The Black German Cultural Society was initially conceived as a group by Christoph Schneider-Yattara, his wife Nancy Schneider, and friend Linda Weide, a group of Black Germans who immigrated from Germany to the United States. The purpose of the group was to sustain their German cultural heritage by bringing together, informing, and nurturing relationships among their families and friends while educating the broader American and African American communities about the existence of German born Blacks living in Germany, many of whom were of African American descent. They gave presentations at the American Association of German Teachers (AATG) conferences, the Goethe-Institute Chicago, NEH-Summer Institute at the University of Mass Amherst, as well as a number of Veterans of Foreign Wars (VFW) Posts.
Yattara and the others quickly learned from Shirley Gindler-Price, a German born adoptee living in Philadelphia, Pa., that there was a significant, yet unorganized adult group of Post WW II war babies or so-called German ‘Brown Babies’ living in the United States. Most had become naturalized citizens as infants and young children upon their adoptions either by African American military families stationed in Germany or African American civilian families residing in the United States.
Together, the Schneider-Yattaras and the Prices reorganized the group and co-founded the Black German Cultural Society as a viable organization. In December of 1999, BGCS was incorporated as a legal entity in the commonwealth of Pennsylvania and became a federally recognized 501(c)3 charitable, non-profit organization. The focus of the group changed to include the development of cooperative partnerships with academic, humanitarian, diplomatic, cultural and social organizations as they related to Black Germans of the African Diaspora.

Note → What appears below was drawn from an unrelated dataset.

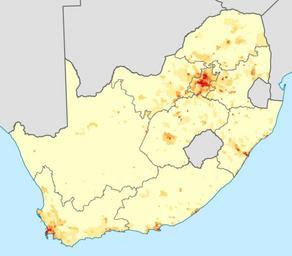 | Keywords: South Africa 2011 White population density map.svg ffffcc <1 person/km² ffeda0 1 “3 people/km² fed976 3 “10 people/km² feb24c 10 “30 people/km² fd8d3c 30 “100 people/km² fc4e2a 100 “300 people/km² e31a1c 300 “1000 people/km² bc0026 1000 “3000 people/km² 800026 >3000 people/km² Projection is Albers Equal-Area Conic with standard parallels at 25 5° S and 31 5° S and origin at 28 5° S 25 5° E Statistics South Africa's Census 2011 is the source of the basic population data The map results from my own processing of the data For ward boundaries see File South Africa electoral wards 2011 blank svg Htonl 2013-04-16 Demographic maps of South Africa White people Maps with Albers projection Maps by Htonl The following license applies to the population data on which the map is based http //www statssa gov za/copyrightdisclaimer asp the user acknowledges Stats SA as the source of the basic data wherever they process apply utilise publish or distribute the data and also that they specify that the relevant application and analysis where applicable result from their own processing of the data The following applies to the map itself |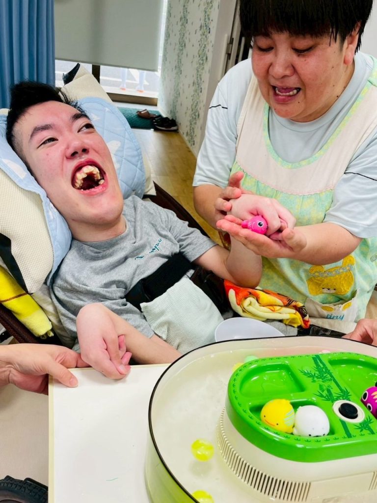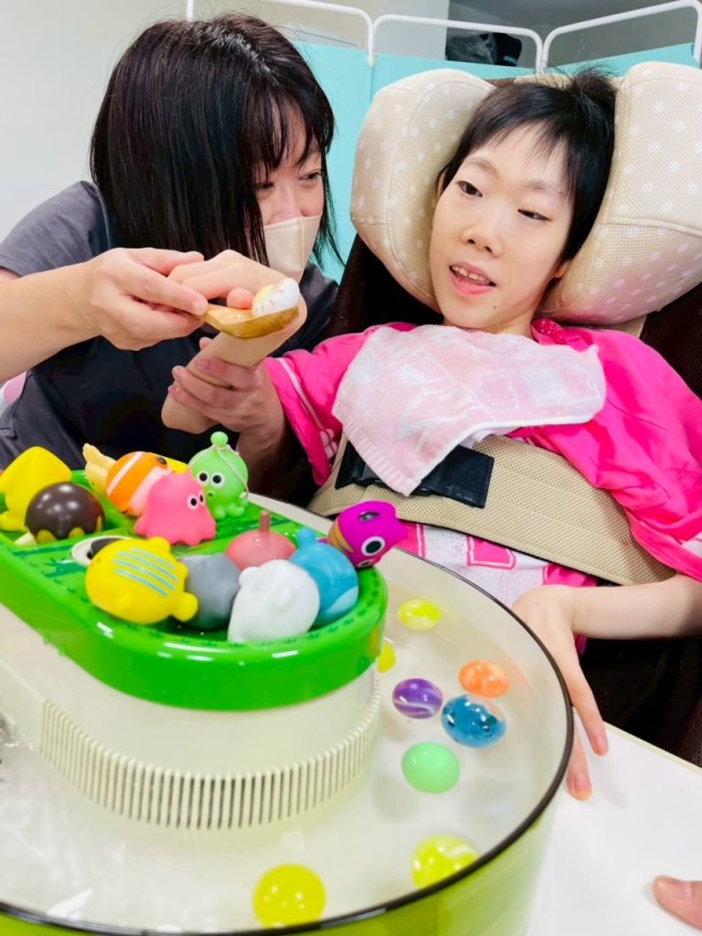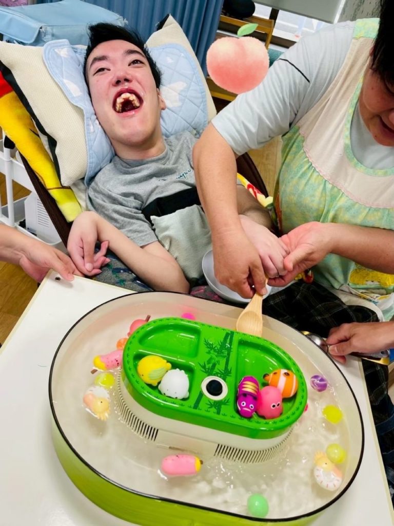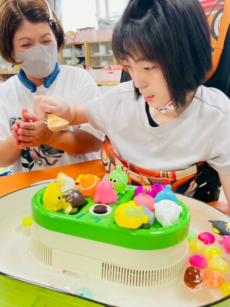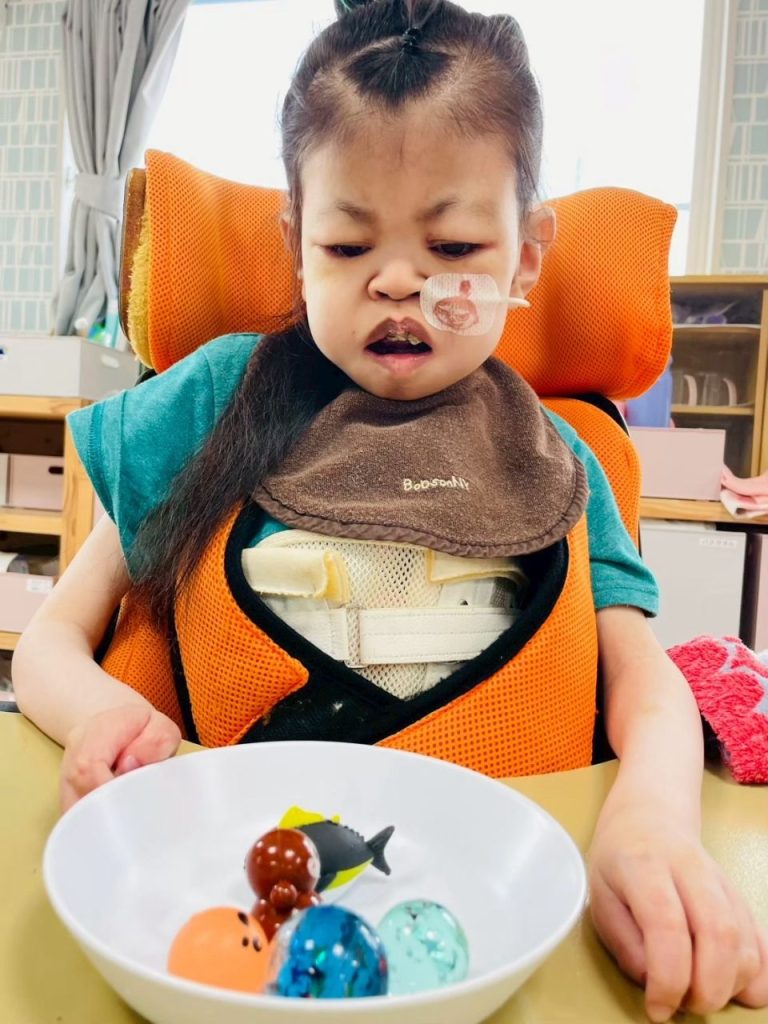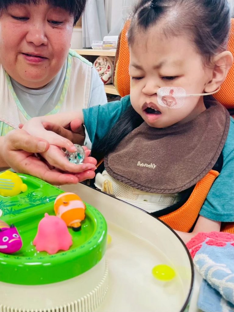 〇〇ちゃんは、右手でスプーンを握りながらすくい上げて♡

BGCS expanded its mission to include the Afro-German Youth Exchange program. The program served to host Black German youth of African American descent from Germany to the United States in order to promote pride and self-respect of their dual heritage. Nine youth and four chaperons from Berlin Germany visited Chicago, Philadelphia, and Washington, DC and toured historical sites and cultural centers to learn about the contributions of African Americans as well as Germans to American society.
As the organization’s online listserv membership grew to include not only persons from the aforementioned groups, but students, academicians and historians, BGCS broadened the scope of communications and services by establishing Elternsuche, a second internet-based community. Under the auspices of Henriette Cain, resident adoption search consultant and genealogist, and headed by Shirley Gindler-Price, a lay counselor for issues related to transnational adoptees, BGCS offered searches, support and resource services to adoptees and their families.
Since that time, BGCS, Inc. has helped to promote the inclusion of Black German literature and history in German Studies Programs, and the participation of minority students in German Language Learning and International Exchange Programs.
After a decade of success and progressive expansion, the Black German Cultural Society has been recognized and honored with a commemoration by the City of Philadelphia. The organization has become not only a sociocultural entity that provides supportive services to its membership here in America, but also an international historic and academic society committed to documenting, archiving pertinent information, and educating others about post WWII Afro-German children as well as the Black German experience in Germany.